A changing landscape for CIC protections: change-in-control compensation elements considered appropriate a few years ago may now generate criticism. Make sure your CIC arrangements operate the way you intend.

AuthorSilverman, Carol
PositionEXECUTIVE COMPENSATION - Change-in-control

IN THE ONGOING DEBATE over what constitutes reasonable executive compensation, equity and accounting issues have grabbed the spotlight. A third issue--executive change-in-control (CIC) protection--is equally deserving of board attention, especially as merger and acquisition activity picks up. Several recent developments are changing the CIC landscape:

* Shareholder proposals seeking caps on executive CIC benefits and shareholder approval of new contracts are increasing in number and investor support. Institutional investors may withhold votes for directors who fail to implement proposals that receive majority approval.

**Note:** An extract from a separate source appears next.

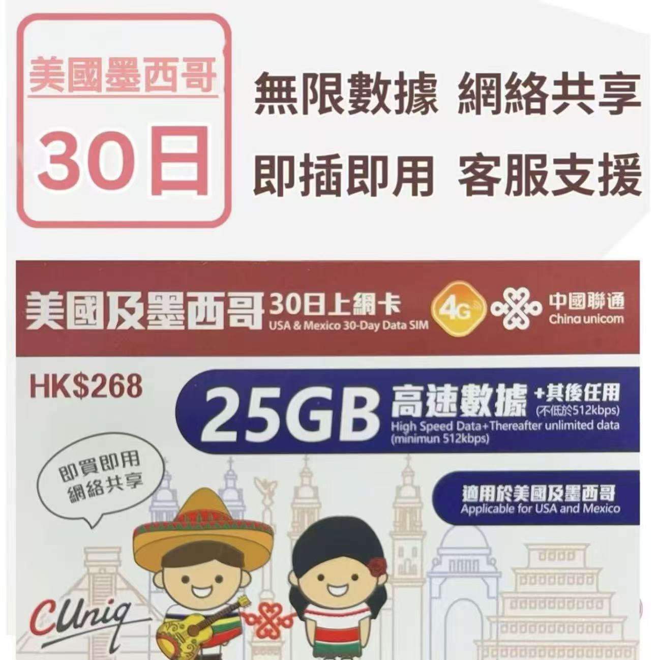 中國聯通 - 美國,及墨西哥 25GB【30日】4G/3G高速無限 數據卡 上網卡 電話卡 旅行電話咭 Data Sim咭

* The Delaware Supreme Court refused to dismiss shareholder claims that directors at Disney knowingly or intentionally breached their "duty of care" in approving Michael Ovitz's employment and severance agreement and sent the case back to Chancery Court, where it is now being heard. This decision signals that this court may scrutinize a board's decision-making process in deciding how to apply the business judgment rule.

* The IRS updated its golden parachute excise tax regulations, confirming that payments for noncompete agreements can be excluded from parachute calculations as "reasonable compensation" for post-CIC services if an executive's ability to perform services is substantially constrained and the agreement is reasonably likely to be enforced. Replacing a pre-existing severance agreement with a post-transaction agreement, however, won't save compensation that is otherwise unreasonable. The rules may also increase the cost of accelerated vesting of equity awards and retirement plan age and service credits--both current common practices. In addition, as part of its audit initiative, IRS representatives have indicated that parachute tax mitigation strategies--particularly high valuations for noncompetes--will be closely scrutinized.

* The Tax Court also addressed "reasonable compensation" for post-CIC services. In the Square D case, the Tax Court stated that a comparison of compensation with that of other companies to determine "reason-ableness" requires a high degree of comparability among the companies, executives, and time periods.

* The SEC issued regulations making shareholder oversight of CIC arrangements easier. The regulations require disclosure of compensatory arrangements with executive officers, including CIC arrangements, by filing a Form 8-K within four business days of entering into the arrangement.